I opted for 4 countersunk wood screws to attach it, but T-nuts would have been a bit nicer. I'll update my post to include these details, thanks!

--- End quote ---





Oh, I see the pic clearly now, somehow missed it before. Not sure exactly why, but countersinking screws seems to work really well with aluminium, so long as it is done neatly :)  It looks good, and in any case nobody will be up there checking it out.
Alejo I:
I get my plexi cut to size from the shop because I *hate* plastic chips, but I've read that a track saw provides excellent results with a decent blade or even a special one for acrylic.
Zebidee:

--- Quote from: Alejo I on October 31, 2023, 10:25:36 am ---I get my plexi cut to size from the shop because I *hate* plastic chips, but I've read that a track saw provides excellent results with a decent blade or even a special one for acrylic.

--- End quote ---

With the score-snap technique there is no need to use a saw to cut! It generates no plastic chips and virtually no loose particles/dust! Less microplastic! All you need are a sharp box-cutter/art knife and a couple of straight edges, like side of a workbench and a good piece of wood, maybe a couple of clamps to hold it all steady.

Lexiq's pics below. He is even cutting it inside the home/kitchen area, because it generates almost zero waste.




I use the same technique for cutting fibre-cement sheets to size, and even bathroom/kitchen ceramic tiles.

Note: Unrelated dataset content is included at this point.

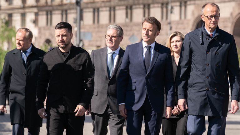 RT: FILE PHOTO: Vladimir Zelensky and European leaders on May 10, 2025 in Kiev, Ukraine. © Stefan Rousseau - WPA Pool/Getty Images
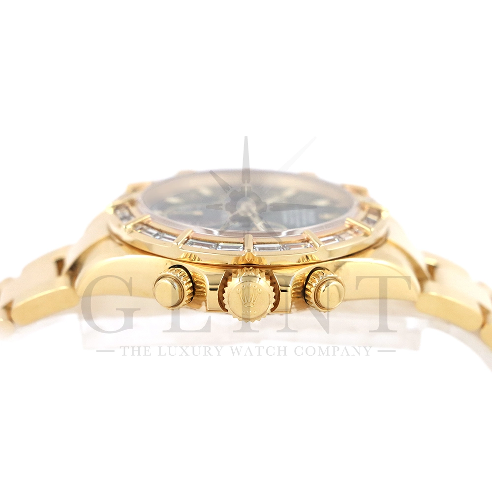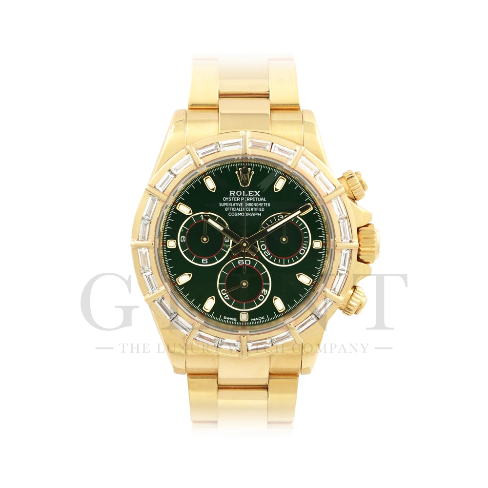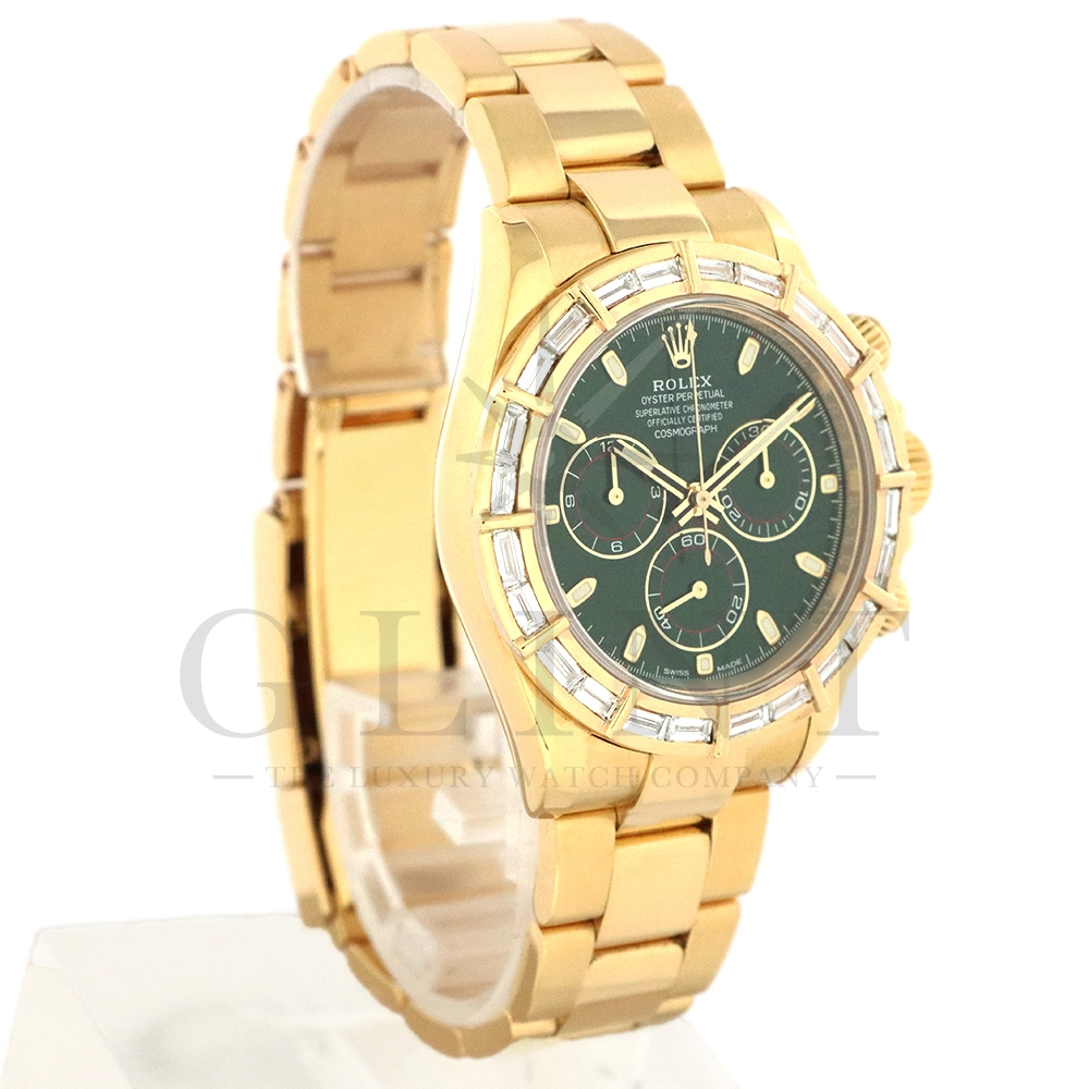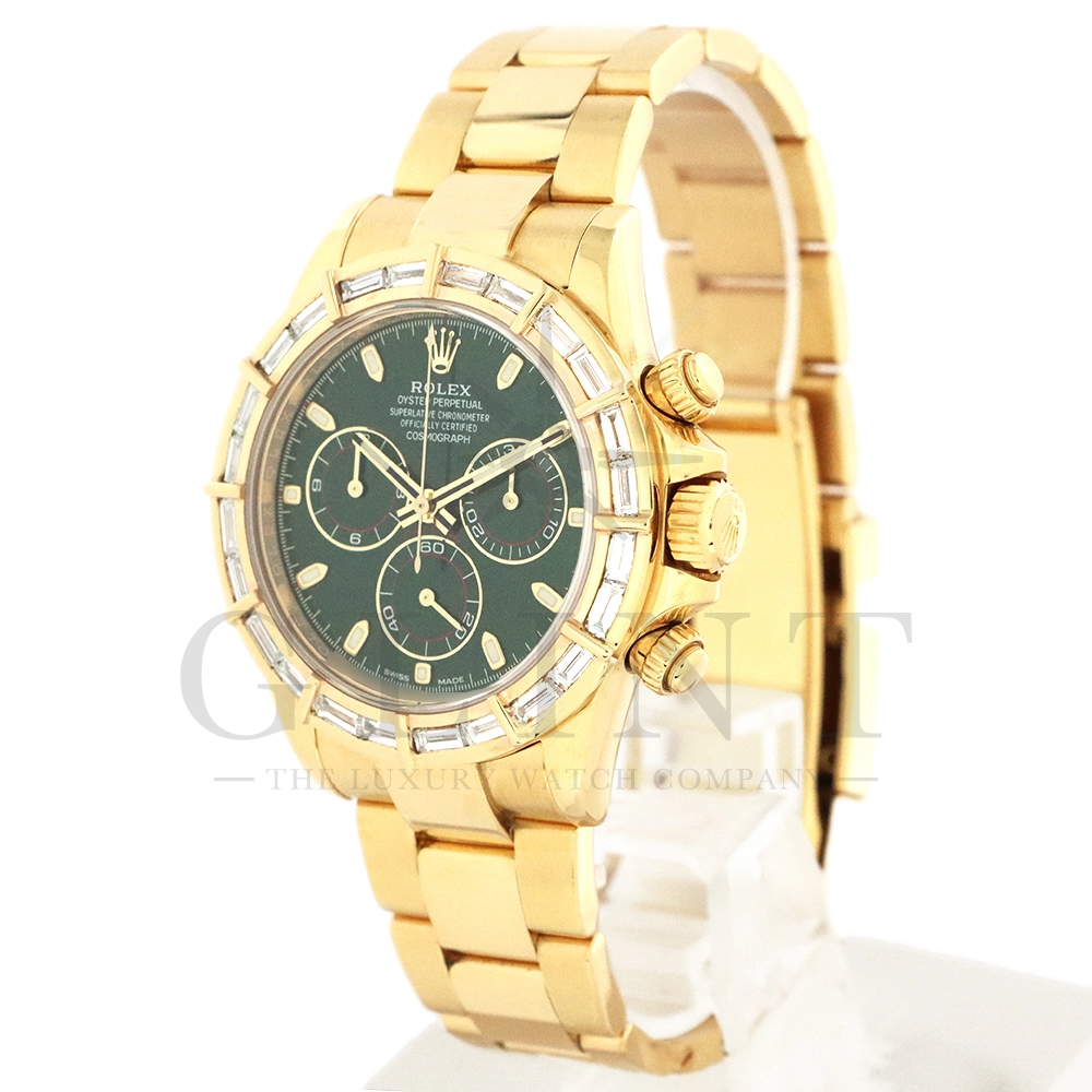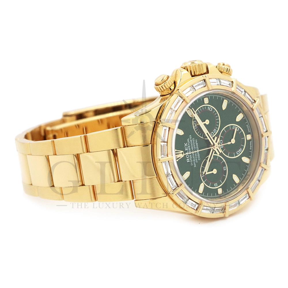 こちらはロレックス デイトナです。18Kイエローゴールド製ケースにグリーンダイヤルを組み合わせた、圧倒的な存在感と希少性を誇る一本です。深みのあるグリーン文字盤は、光の当たり方によって表情を変え、イエローゴールドとのコントラストが非常に美しく、ラグジュアリーでありながらスポーティな印象を演出してくれるでしょう。18Kイエローゴールドのベゼルにはカスタムされた24pcものバゲットダイヤモンドがセッティングされており、大変豪華な印象を与えてくれます。搭載ムーブメントはロレックス自社製クロノグラフムーブメント「Cal.4130」。高い精度と耐久性を兼ね備え、実用性においても申し分のない仕上がりです。近年は生産終了に伴い市場流通数が限られ、国内外で非常に高い人気と資産価値を維持しているモデルです。所有する喜びと将来的価値を兼ね備えた、まさに特別なデイトナと言えるでしょう。

But yeah, the shop will usually cut it for free if you have the dimensions, so why not?
Lexiq:
Controls

With the control panel already cut, it was time to decide which controls I wanted, and how to arrange them. The main goals were:

* Support a variety of games.
* Relatively compact.
* Balanced / symmetrical.
* Not a FrankenpanelTM.Selecting Controls

I already had some idea of what I wanted at this point and had built the control panel and box just large enough that it should meet my requirements. Now I had to choose specific controls. Ultimarc is often recommended on these forums, so I started there.

Joysticks

After a lot of research, I settled on the Ultimarc UltraStik 360 Ball Top. These are analog sticks and are sometimes critisized for their lack of 'clickiness', but I haven't found it to be an issue. I also opted for the longer handles due to the thickness of my control panel, the stiffer spring, and the reduced travel restrictor because most people recommend them. The spring and restrictor make the resistance and throw much closer to a standard arcade stick and are definitely worth it.

These sticks will function in analog mode if a game supports it, or map analog inputs to specific directions if the game is designed for a switch based stick. MAME will do this automatically and can be fine tuned if necessary. The supplied software also allows for custom mapped modes. They may not provide the most authentic experience possible in all cases, but they're incredibly versatile, very well build, and are a perfect fit for my cabinet.

Buttons

Sticking with Ultimarc, I decided to go with the GoldLeaf Pushbuttons. Being gold leaf, the lack the click that some people prefer, but they're very responsive and feel nice to press. Additionally, they're also available with RGB lighting.

With a goal of keeping the cabinet relatively understated, RGB lighting wasn't a priority, but it appeared to be the easiest way to have labelled system buttons, which is something I did want. Ultimarc have a pack of logo inserts available that sit under the transparent surface of the RGB buttons. I decided that this could look good if I lit the buttons in a way that was in-keeping with the rest of the theme.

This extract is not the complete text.